The decision to return back to the house was made, eventually. It was after dinner time, though it felt as though it could have been any hour, any year, any time in history when suddenly the world was turned upside down and nothing was anything anymore. Walking into our home in darkness, using a torch to see, we tucked the kids into bed, their small bodies exhausted, their spirits depleted, their eyes stinging red. Collapsing into bed ourselves, we spoke quietly together, weighing up our options, aware there was no power, no fuel, no way out of this hell. Below the hill was the evacuation centre, packed to the brim with thousands of cars, campers and people. Children were screaming, babies were crying. Sirens and helicopters continued buzzing through the night. The shock was palpable, the devastation, the terror, the sadness sitting heavy in the air with the smoke. We did not sleep that night, not knowing what we would wake to. We could not have imagined how much would be gone, how many homes were flattened to black ash, how many people lost everything, how many animals had perished, how close it got.
By a stroke of luck my dad had enough petrol in his garage to fill out car, to get us home. We began what would be a 9 hour drive through smoke, flames and despair. Our car overheating every twenty minutes, we filled it up with water again and again as we prayed it would get us home and not leave us stuck beside the road as danger surrounded us. White knuckles on the steering wheel, tears on our children's faces, coughing, runny nosed, devastated, terrified. Moving through heavy smoke, baron land and fires on either side of us, it felt as though we were driving through history, from before to after, a world completely changed. Something lost, never to be found again. We didn't speak. Pulling into the garage at home, we had made it. We were safe but shattered. The relief lasted just moments as we discovered it wasn't the ending, but the beginning. The beginning of healing, ahead of us lay the monumental task of unpacking the emotional impact, of trying to hold our family together as we all fell part in our own ways. The beginning of anger, of frustration, of grief.

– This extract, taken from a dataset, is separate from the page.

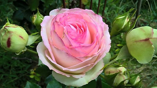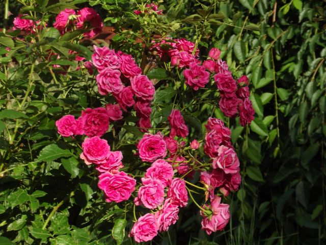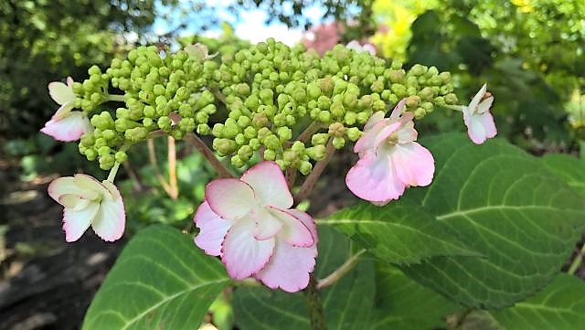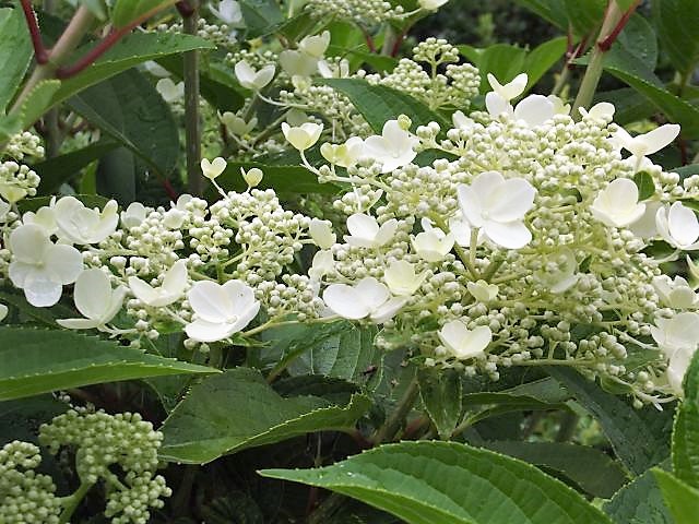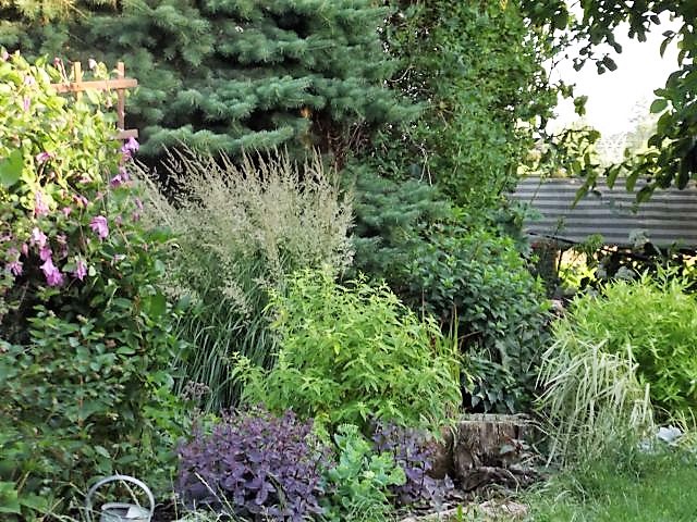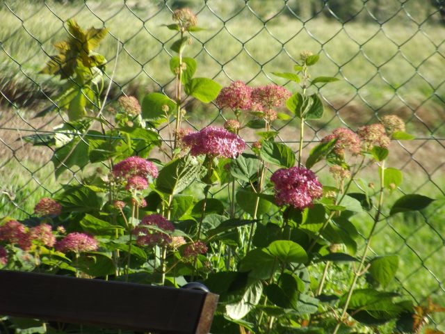 W ogrodzie szaro, buro bo niewiele roślin kwitnie. M nagle wczoraj po kilku latach tłumaczenia, że te jego hortensje ogrodowe to porażka, stwierdził, że na jego rabacie trzeba zacząć sadzić bukietówki bo ma tam zielone liście kolejny rok............To dopiero odkrycie poczynił. Ciągle mu mówiłam, że nasz ogród to złe miejsce dla hortensji ogrodowych, ale nie docierało, a już najbardziej mnie drażni jak przywleka do domu zdublowane odmiany tych liściorów. Oczywiście nastawia donic i zapomina, że trzeba to posadzić.

Climate change is something we have never been able to see, or feel, or hear, or taste or touch. It has been a concept, a terrifying concept, but something to imagine in a future we do not want to believe. In that moment climate change was no longer a concept to be imagined. We felt it, painfully hot on our skin, fear racing through our veins. We saw it, a fiery red sky surrounding us and a complete succumbing to the ferocity of nature. We tasted it, bitter ash in our mouths. We heard it, sirens blazing, the wind howling, screams and then silence.
We found, along with thousands of others that night, that the world is no longer the world we know. Things have changed, on our watch, because of us, yet we did not know. All the warnings, all the predictions, all of our failures roared towards us on the last day of the decade, usually a night reserved for joy and celebration. Can you hear her? Can you hear Mother Nature demanding to be respected? Can you hear her desperation, her pain, her fury? Can you hear the call to action? We heard it, we saw it, we felt it. We will never be the same, our country will never be the same. Our beautiful earth, our beautiful world, is telling us it now it is time. Not tomorrow, not next year, not in 2030, NOW. There is no more time left.